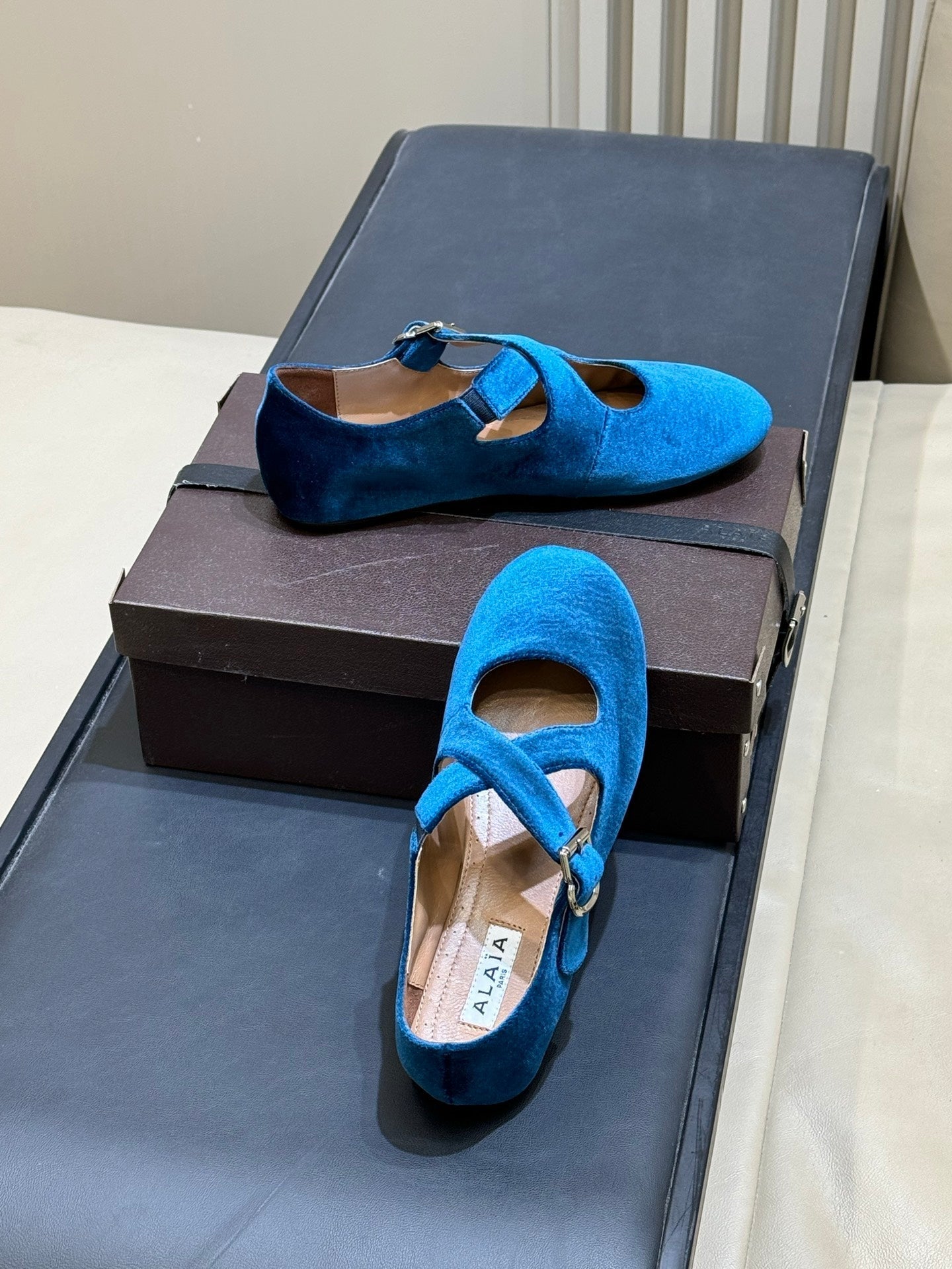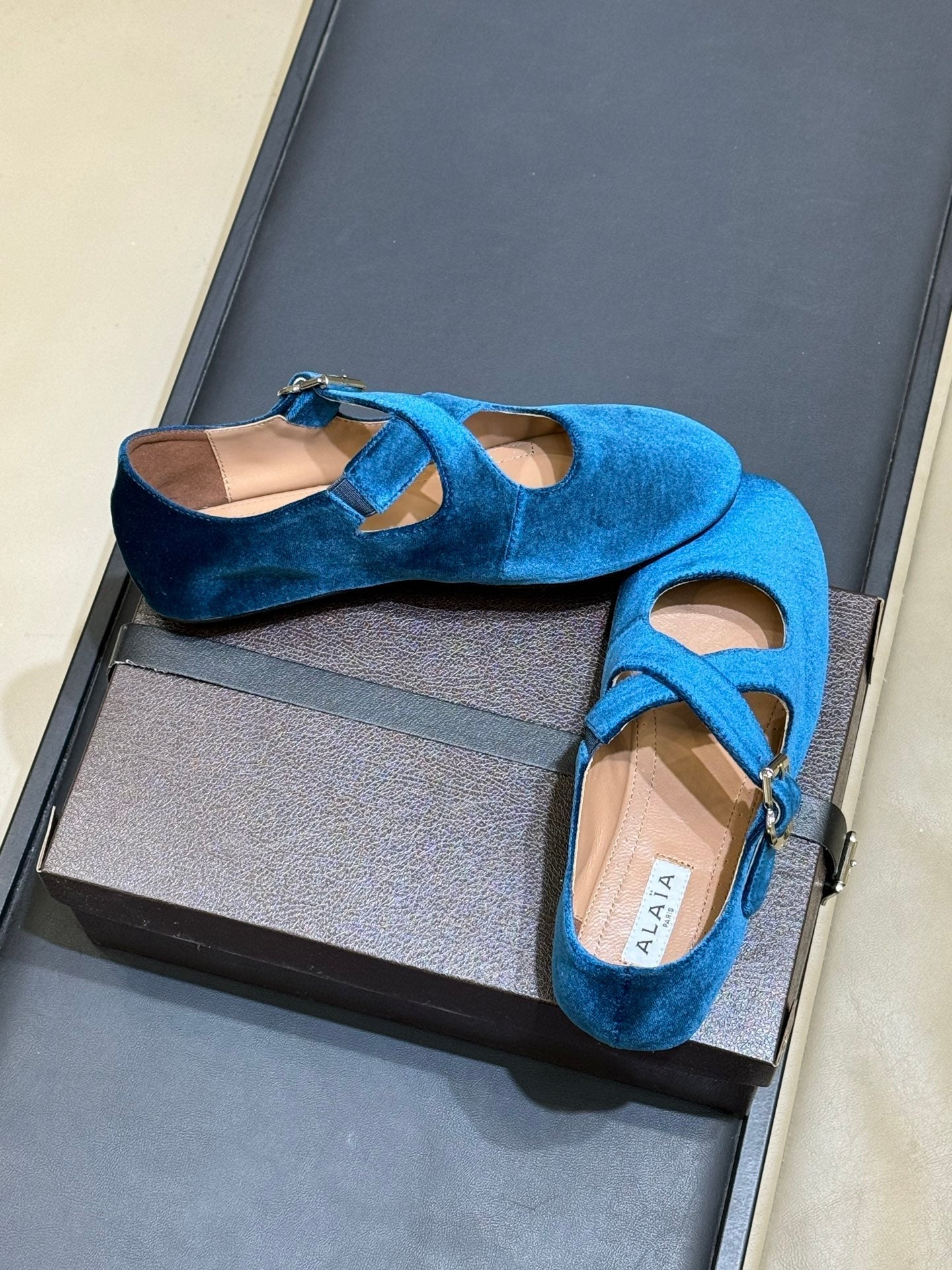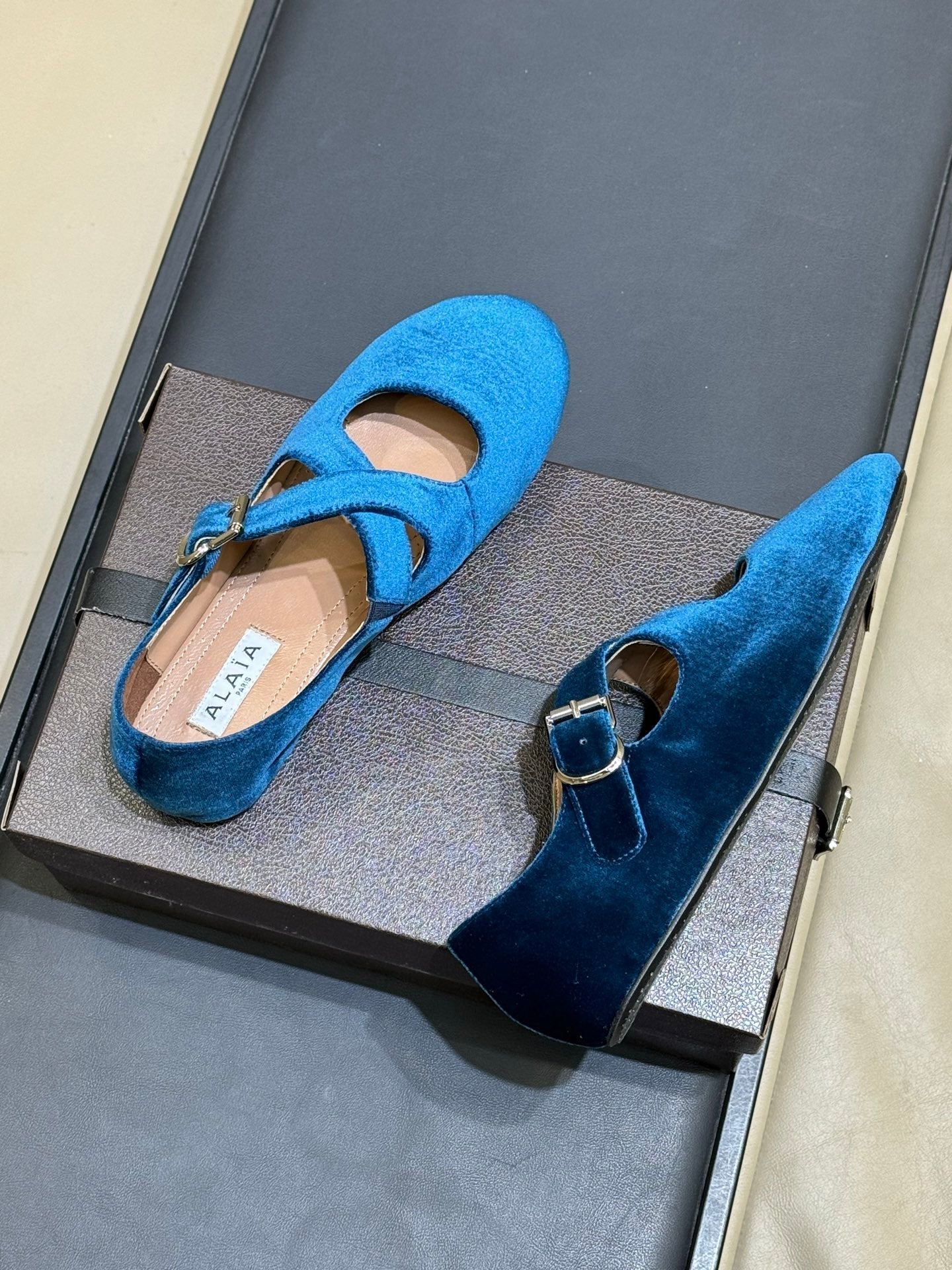 ALAIA 26S MARY JANE BALLET FLATS IN DARK BLUE VELVET
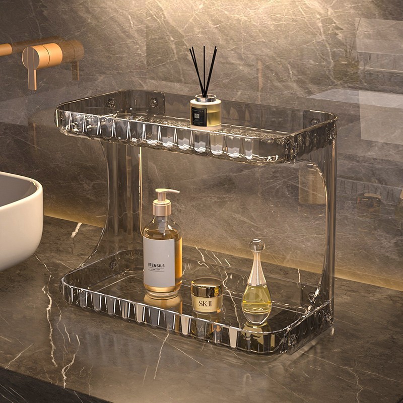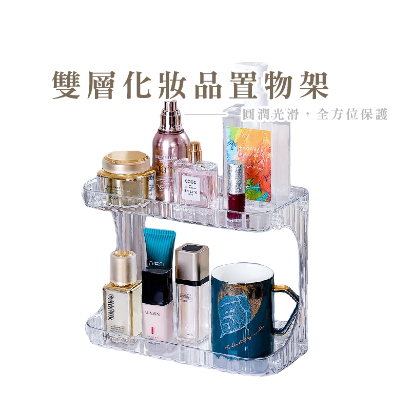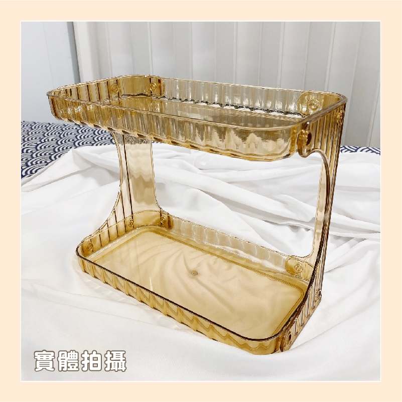 調料罐置物架 收納架 塑膠收納架 桌面儲物收納架 衛生間洗漱整理架 置物架 防水置物架 浴室置物架_DH165雙層輕奢置物架 (透茶色)|雙層輕奢置物架 (透白色)|雙層調料架(灰色)Desk OrganizersFS生活品專賣
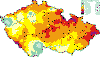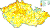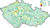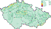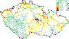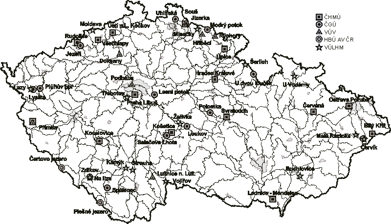 Sítě stanic organizací ČHMÚ, ČGÚ, VÚV, VÚLHM a HBÚ AV ČR, ze kterých byla v roce 2001 zpracována data o kvalitě srážek a atmosférické depozici, jsou vyneseny na obr. 3.1. Údaje o jednotlivých stanicích a metodách měření jsou uvedeny v tab. 3.4. Na týdenní interval odběru vzorků čistých srážek v souladu s mezinárodní metodikou EMEP přešla většina stanic ČHMÚ během roku 1996. Od roku 1997 byl na těchto stanicích zaveden speciální týdenní odběr „bulk“ na těžké kovy. Na stanicích ČGÚ, VÚV a VÚLHM jsou odebírány srážky „bulk“ v měsíčním intervalu. Průměrné hodnoty chemického složení atmosférických srážek a hodnoty roční mokré depozice za rok 2001 jsou uvedeny v tab. 3.5 a 3.6. Mapy mokré depozice jsou vytvořeny pro vybrané ionty z celkových chemických analýz odebraných vzorků srážek, a to konkrétně pro SO42- - S, NO3- - N, NH4+ - N, H+ (pH), F-, Pb2+, Cd2+, Ni2+. Mapové zobrazení chloridů není uvedeno, neboť jejich koncentrace nejeví žádnou systematickou místní proměnlivost a některé stanice VÚV a VÚLHM mají trvale vyšší hodnoty (Podbaba, Lužnice, Kamýk…), interpretace takto rozdílných výsledků je problematická. Pro znázornění depozičních polí byly vybrány výše zmíněné ionty v souvislosti se závažností jejich působení na složky životního prostředí. Mapy mokré depozice jednotlivých iontů byly konstruovány z pole koncentrací iontů ve srážkách (na základě průměrných ročních koncentrací vážených srážkovým úhrnem vypočtených z naměřených údajů) a z pole ročních srážkových úhrnů, které bylo vytvořeno na základě údajů ze 750 srážkoměrných stanic se zohledněním vlivu nadmořské výšky na množství srážek. Při konstrukci polí mokré depozice se na jednotlivých stanicích dává přednost výsledkům analýz čistých srážek před odběry bulk, týdennímu intervalu odběru před měsíčním odběrem. Data ze sítí stanic ČGÚ, VÚV a VÚLHM, založených na měsíčních odběrech „bulk“ (srážky s prašným spadem, viz tab. 3.4), jsou pro konstrukci map mokré depozice upravena empiricky získanými koeficienty vyjadřujícími poměr jednotlivých iontů ve vzorcích srážek typu bulk a wet-only (hodnoty pro jednotlivé ionty v rozmezí 0,94 až 1,35). Za účelem optimalizace tvorby mapových zobrazení na základě výsledků z různých zdrojů a s rozdílnou metodikou a intervaly odběrů byla jednotlivým stanicím přiřazena různá relativní váha odpovídající spolehlivosti naměřených dat v rozsahu 0,6-1,0. Pro síru, dusík a vodíkové ionty jsou uvedeny kromě map mokré depozice také mapy suché a celkové depozice. Suchá depozice síry a dusíku byla spočtena na základě polí průměrných ročních koncentrací SO2 a NOx pro ČR a depozičních rychlostí plynů pro oxid siřičitý 0,7 cm.s-1/0,35 cm.s-1 a oxidy dusíku 0,4 cm.s-1/0,1 cm.s-1 pro území s lesními porosty/území bezlesé [18]. Sečtením map mokré a suché depozice síry a dusíku byly vytvořeny mapy depozice celkové. Mapa mokré depozice vodíkových iontů byla sestrojena na základě naměřených hodnot pH ve srážkách. Mapa suché depozice vodíkových iontů odpovídá depozici plynů SO2 a NOx na základě stechiometrie za předpokladu jejich kyselé reakce v prostředí. Mapa celkové depozice vodíkových iontů vznikla součtem map depozice mokré a suché. Průměrné hodnoty depozičních toků S, N a H jsou uvedeny v následující tabulce: Tab. 3.1 Průměrné hodnoty depozičních toků S, N a H v České republice Mapové zobrazení podkorunové depozice síry bylo vytvořeno pro místa s porosty z pole koncentrací síry v podkorunových srážkách (throughfall) a z verifikovaného pole srážek procentuálně modifikovaného množstvím srážek naměřeným pod porosty na jednotlivých stanicích (v rozsahu 40–100 % srážkového úhrnu pro rok 2001). Podkorunová depozice obecně zahrnuje mokrou vertikální a horizontální depozici a suchou depozici částic a plynů v porostech a pro síru, pro kterou je vnitřní koloběh porosty zanedbatelný, by měla být podkorunová depozice dobrým odhadem depozice celkové. Mapy mokré depozice těžkých kovů Pb, Cd a Ni byly konstruovány na základě koncentrací těchto kovů ve srážkách „bulk“ na jednotlivých stanicích. Pole suché depozice olova a kadmia obsažených v aerosolu byla připravena z polí koncentrací těchto kovů v ovzduší (viz kap. 2.3). Pro hodnotu depozičních rychlostí pro kadmium obsažené v aerosolu byly použity hodnoty 0,27 cm.s-1 pro les a 0,1 cm.s-1 pro bezlesý terén, pro olovo 0,25 cm.s-1 pro les a 0,08 cm.s-1 pro bezlesý terén [18]. Výsledky
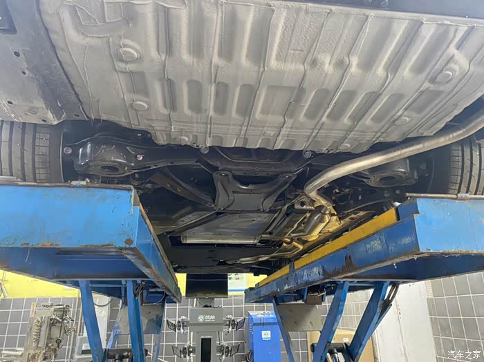 升起地盘,查看前轮发动机变速箱各个管路,前轮结合处的状态。
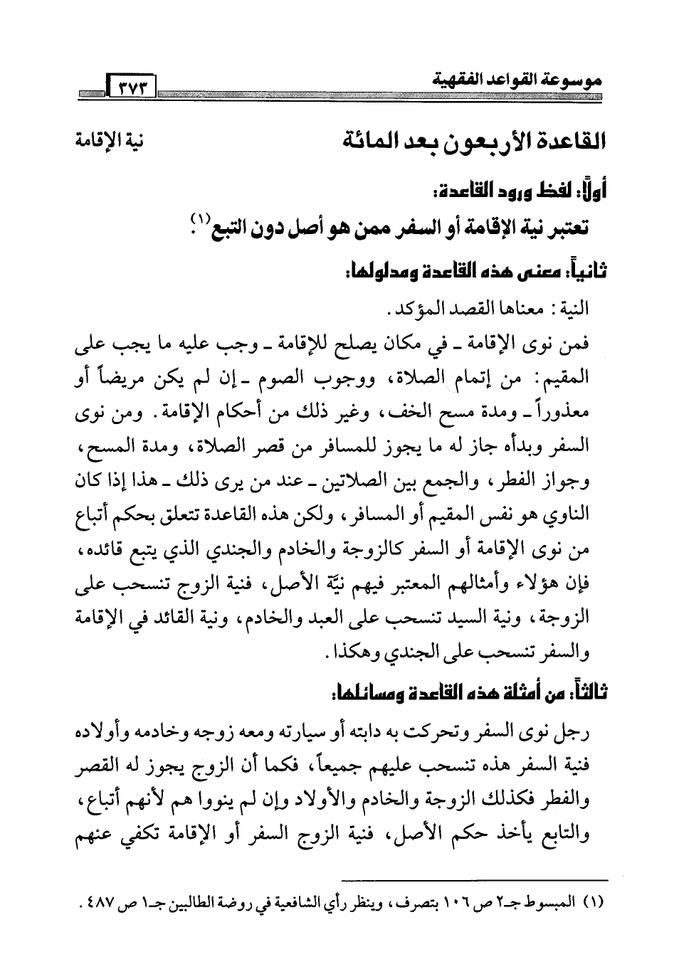 القاعدة الأربعون بعد المائة [نية الإقامة]
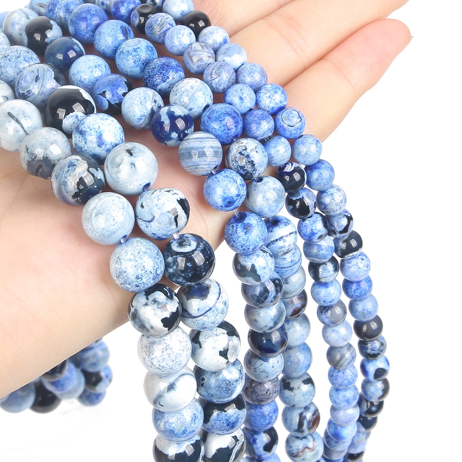 Бусины из натурального камня, синие Бусины Sardonyx из агата, кругл...
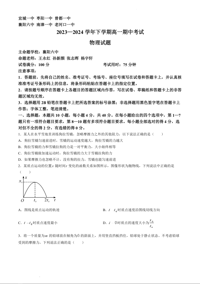 湖北省襄阳市鄂北六校联考2023-2024学年高一下学期期中考试物理+答案

## What you need to do
Only the lines from the one with "Бусины из натурального" to the last line of the listing, inclusive, are to be set down, exactly as they stand and without pictures.

## Output
 Бусины из натурального камня, синие Бусины Sardonyx из агата, кругл...
 湖北省襄阳市鄂北六校联考2023-2024学年高一下学期期中考试物理+答案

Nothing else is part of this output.